COMPLAINTS about city-centre litter during this year’s Festival were more than 50 per cent lower than last year.
Figures released by the city council show the number of complaints during the Festival period fell from 535 to 252 – a reduction of 53 per cent.
Environment convener Councillor Lesley Macinnes said it showed the council’s efforts to improve waste collection was having an impact.
But the Tories claimed people had just given up complaining about the problem.
Across the city, the number of complaints dropped by almost a third, from 3527 during last year’s Festival to 2388 this year.
Bill Cowan, of the Old Town Community Council, said it was probably true there was less rubbish on the streets this year. But he added: “The reality is there was still far too much litter.”
And he said bin emptying was patchy. “These big bins with ‘I’m a bin – drop your litter in’ on them have definitely been a big help. The council deserves to be congratulated on them – but we have photographic evidence from June, July and August of them not being emptied often enough.”
The council adopted a 65-point waste and cleansing improvement plan last November, including changes to bin collection routes, workforce training and extra communal bins.
During August, an extra 40 street cleansing staff joined the existing 90, providing 24/7 support to help deal with the impact of the Festival.

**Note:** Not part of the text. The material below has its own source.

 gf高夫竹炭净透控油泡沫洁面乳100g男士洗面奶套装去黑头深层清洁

There were also frequent litter bin collections and increased patrols by environmental wardens to discourage litter-dropping and fly-tipping.

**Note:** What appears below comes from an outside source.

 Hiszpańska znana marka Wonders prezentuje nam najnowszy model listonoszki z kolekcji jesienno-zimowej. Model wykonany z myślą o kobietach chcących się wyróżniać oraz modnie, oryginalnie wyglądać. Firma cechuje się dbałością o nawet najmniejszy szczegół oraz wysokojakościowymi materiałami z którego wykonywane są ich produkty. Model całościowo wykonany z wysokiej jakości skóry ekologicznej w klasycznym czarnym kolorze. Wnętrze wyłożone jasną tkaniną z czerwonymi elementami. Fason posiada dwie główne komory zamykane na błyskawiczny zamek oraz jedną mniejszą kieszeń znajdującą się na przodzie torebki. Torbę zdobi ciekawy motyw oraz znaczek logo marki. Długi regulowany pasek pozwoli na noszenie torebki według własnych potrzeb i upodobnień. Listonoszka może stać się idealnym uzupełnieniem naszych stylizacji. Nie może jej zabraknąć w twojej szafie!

Tory environment spokesman Councillor Nick Cook said: “Given the sustained failure of city waste collection services, it’s hardly surprising the council would seek to trumpet an apparent drop in complaints.
“Rather than owing to a drastic improvement in service levels, complaints in many cases are down as many people have simply given up reporting them.

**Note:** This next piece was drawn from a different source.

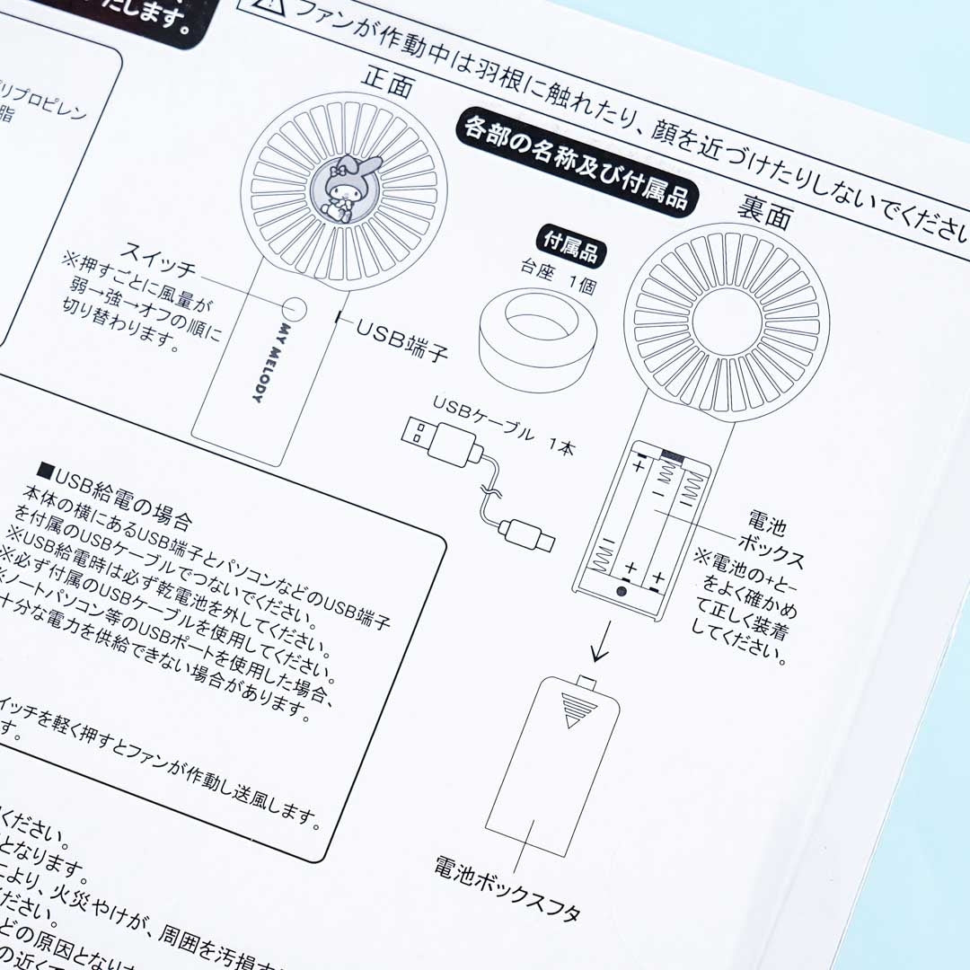 Stay cool especially during warm summer afternoons with this kawaii My Melody portable fan! You can use either AA batteries or USB charging to power it up! Just press the button to switch between weak or strong wind speeds. It also has a base that you can attach to the mini fan so you can prop it up on a desk or any stable flat surface.

“The council’s automated complaints line is confusing and impersonal, while many elderly and vulnerable residents cannot complain online or by social media.
“Almost a year after the council’s 65-point crisis plan to shape up waste services, the need for huge improvement remains.”
Cllr Macinnes said the new figures were encouraging. “They demonstrate the impact our efforts to improve waste and cleansing services are having, not just in the centre but across the city,” she said.
“By increasing resources around the busy festival period we have been able to cope better with demand, but we want to continue to target issues like litter and fly-tipping throughout the year.
“While we are working on actions to achieve this, we also need the help of the public, so I would encourage people to take responsibility for their rubbish and help make Edinburgh a clean, welcoming place, whatever the season.”